▸ Your goal:
The answer is the exact run of lines in the listing below from the line containing "Paul Andrew Chrysler" up to and including the line containing "過剰なまでに詰め込まれた機能", with pictures removed.

▸ Data provided:
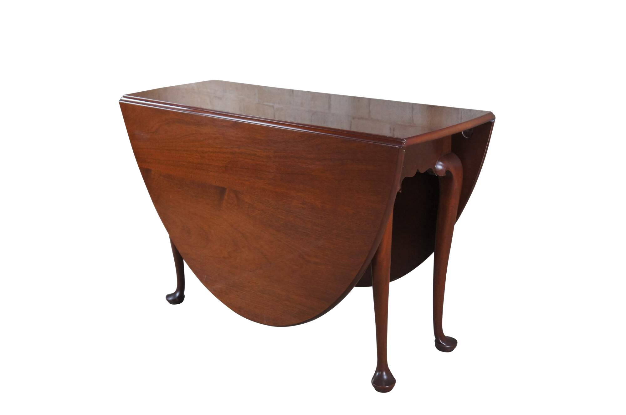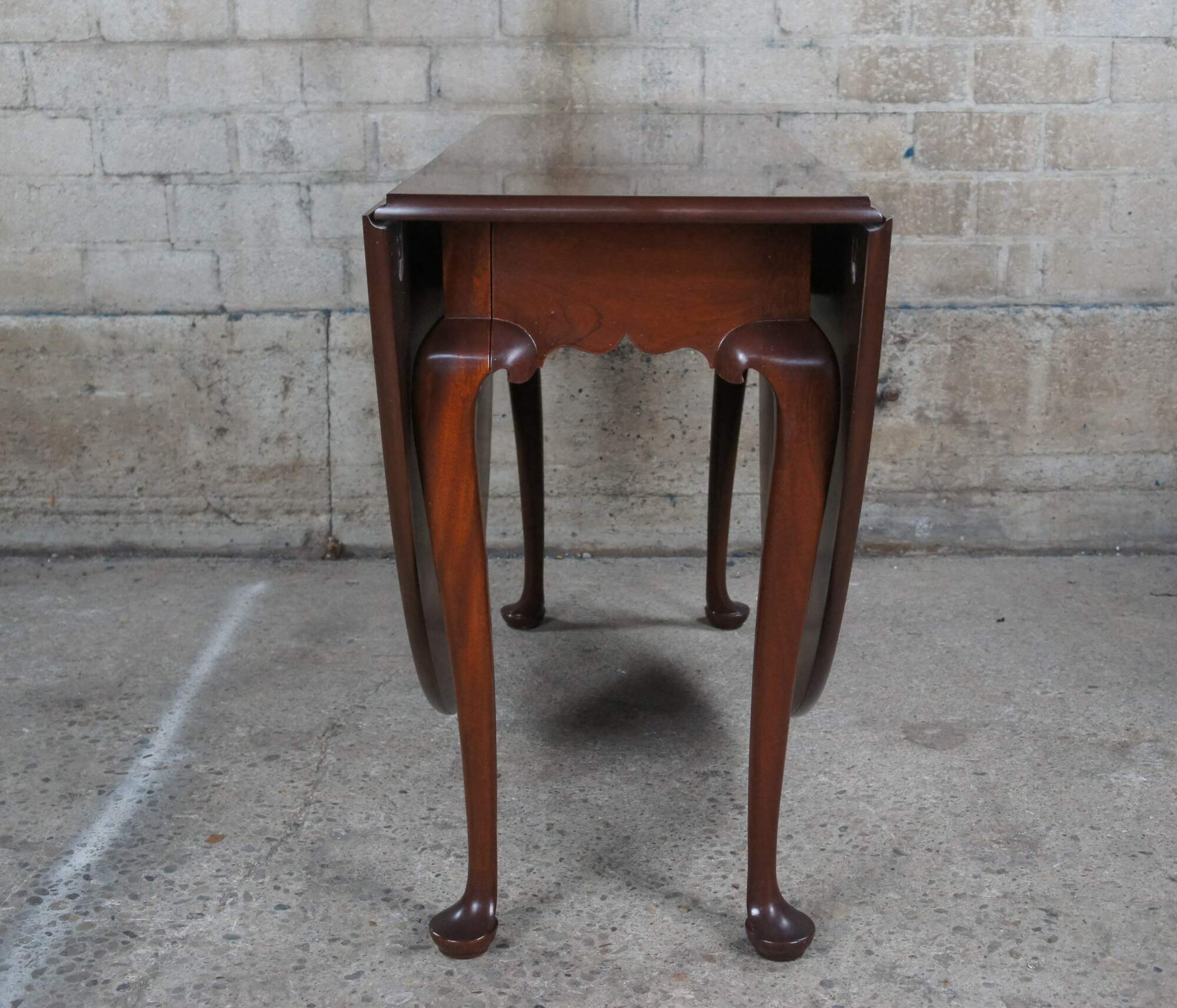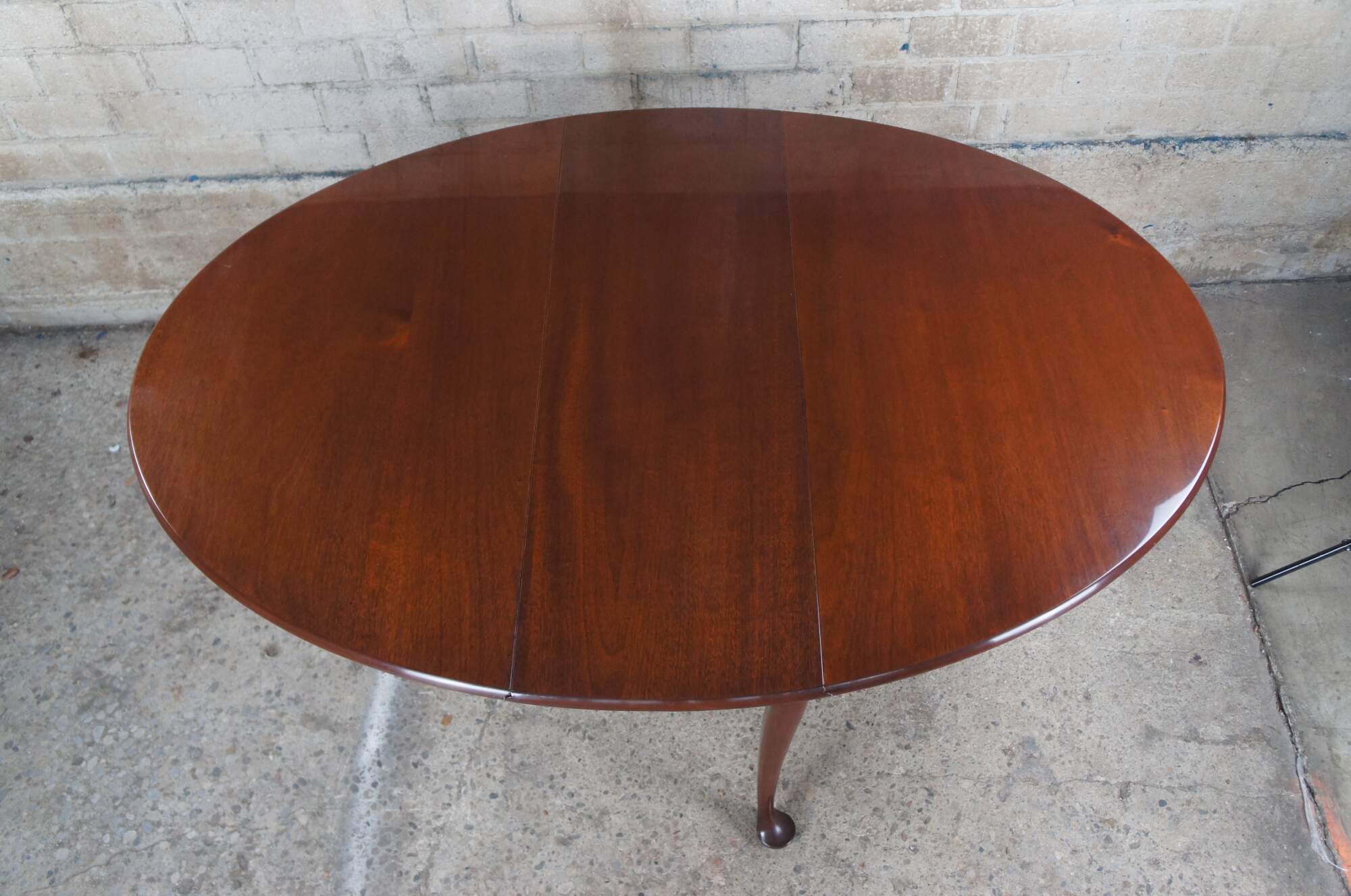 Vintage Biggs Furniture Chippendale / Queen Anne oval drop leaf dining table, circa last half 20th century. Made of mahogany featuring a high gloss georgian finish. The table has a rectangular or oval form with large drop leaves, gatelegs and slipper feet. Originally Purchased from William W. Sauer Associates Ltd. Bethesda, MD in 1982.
--
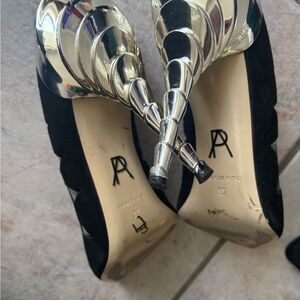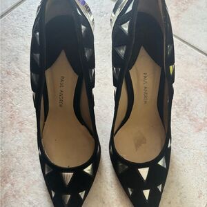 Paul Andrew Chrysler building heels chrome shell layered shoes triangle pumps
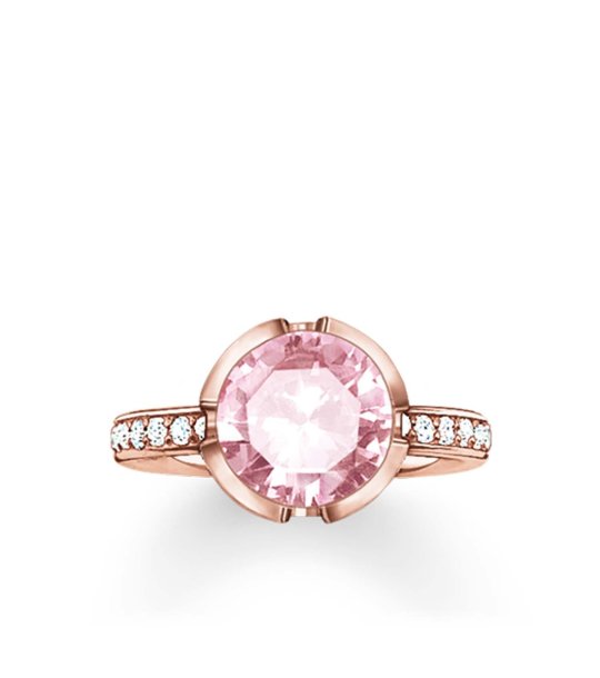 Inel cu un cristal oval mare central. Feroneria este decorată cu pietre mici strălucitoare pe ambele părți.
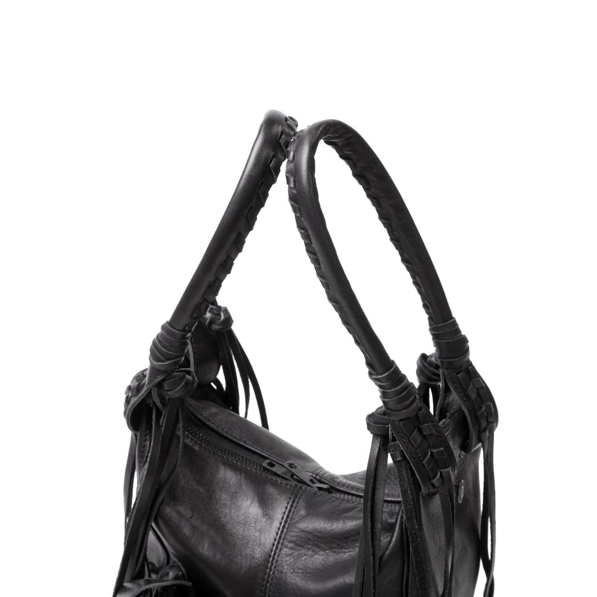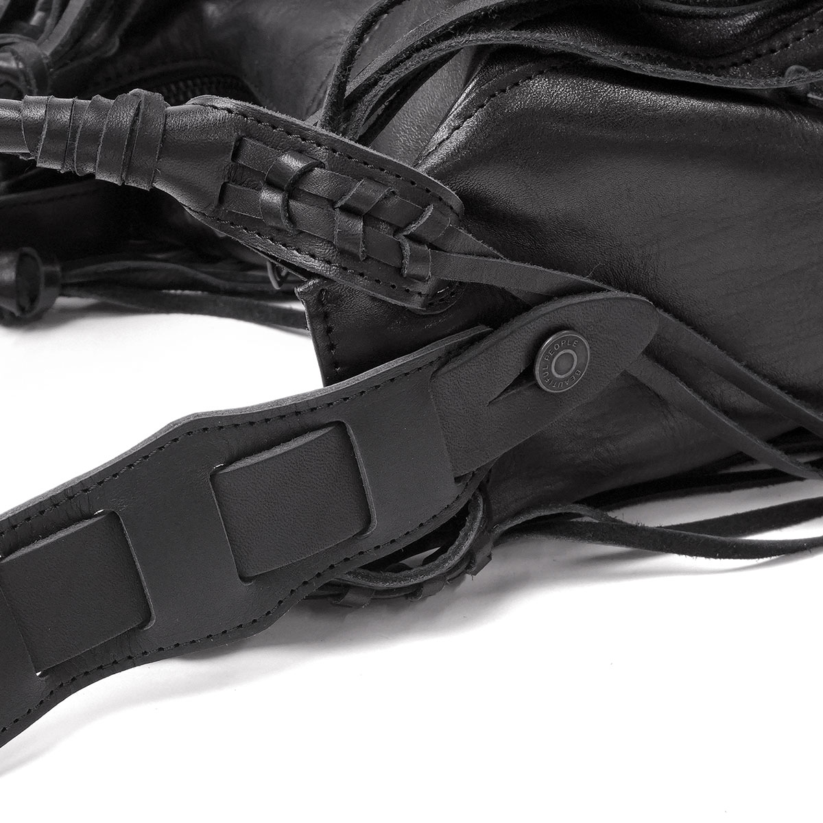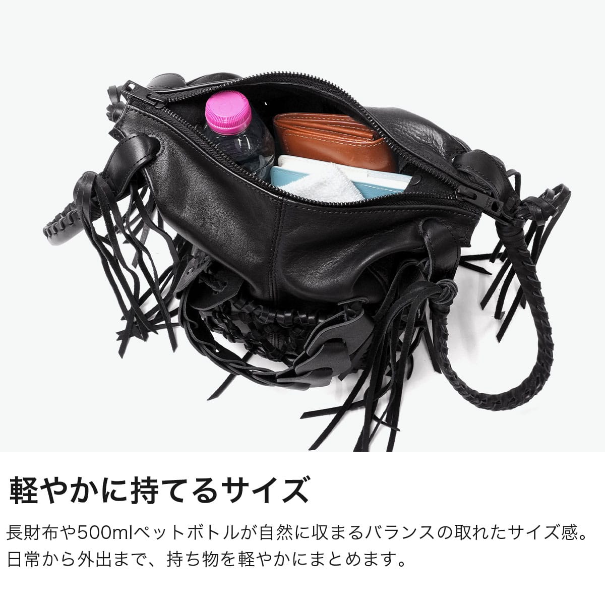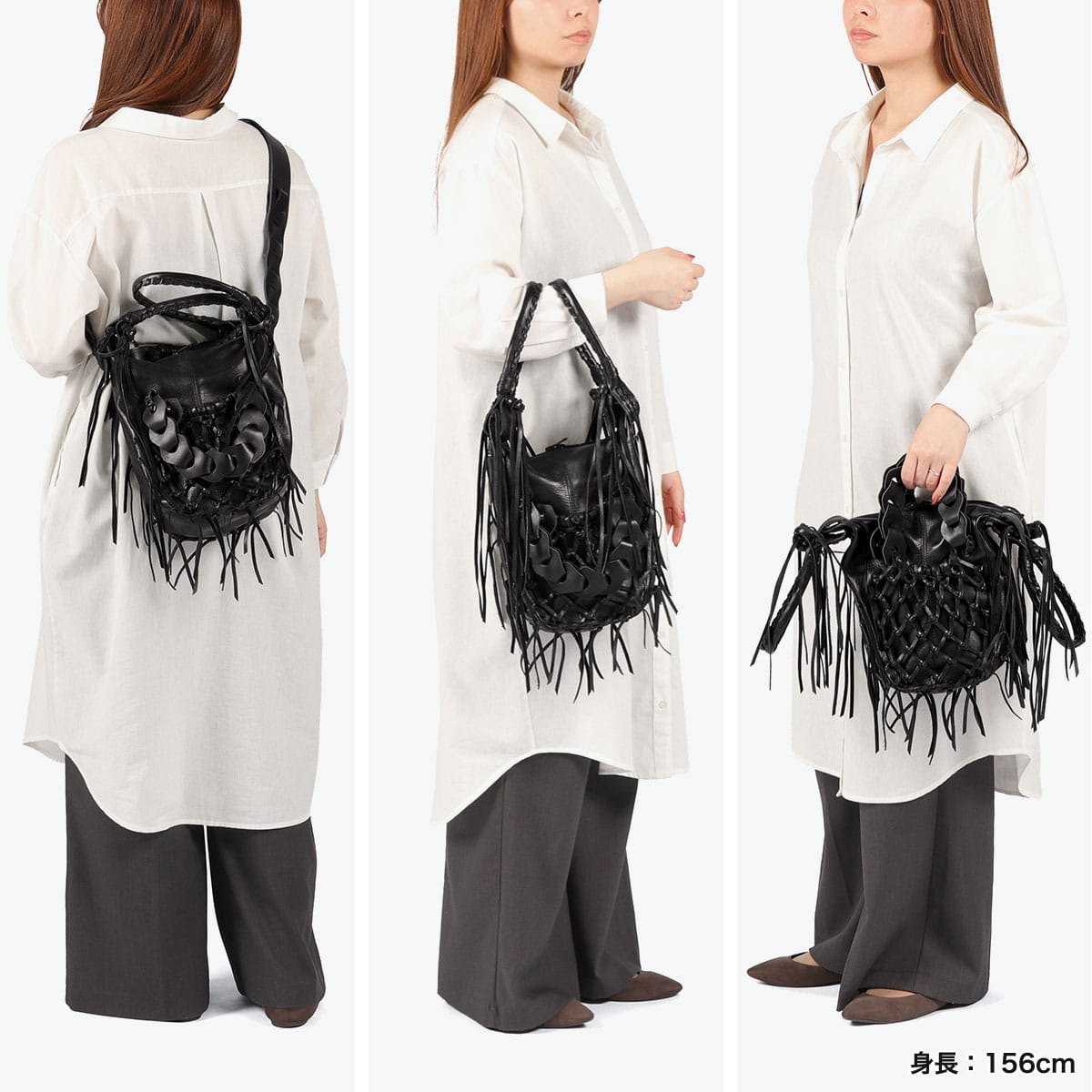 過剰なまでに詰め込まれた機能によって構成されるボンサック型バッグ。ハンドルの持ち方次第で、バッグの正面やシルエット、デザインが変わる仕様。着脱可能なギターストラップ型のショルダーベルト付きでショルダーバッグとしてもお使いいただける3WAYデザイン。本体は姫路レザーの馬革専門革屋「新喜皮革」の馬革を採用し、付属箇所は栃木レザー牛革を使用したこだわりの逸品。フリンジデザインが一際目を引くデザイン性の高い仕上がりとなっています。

▸ Exercise answer:
 Paul Andrew Chrysler building heels chrome shell layered shoes triangle pumps
 Inel cu un cristal oval mare central. Feroneria este decorată cu pietre mici strălucitoare pe ambele părți.
 過剰なまでに詰め込まれた機能によって構成されるボンサック型バッグ。ハンドルの持ち方次第で、バッグの正面やシルエット、デザインが変わる仕様。着脱可能なギターストラップ型のショルダーベルト付きでショルダーバッグとしてもお使いいただける3WAYデザイン。本体は姫路レザーの馬革専門革屋「新喜皮革」の馬革を採用し、付属箇所は栃木レザー牛革を使用したこだわりの逸品。フリンジデザインが一際目を引くデザイン性の高い仕上がりとなっています。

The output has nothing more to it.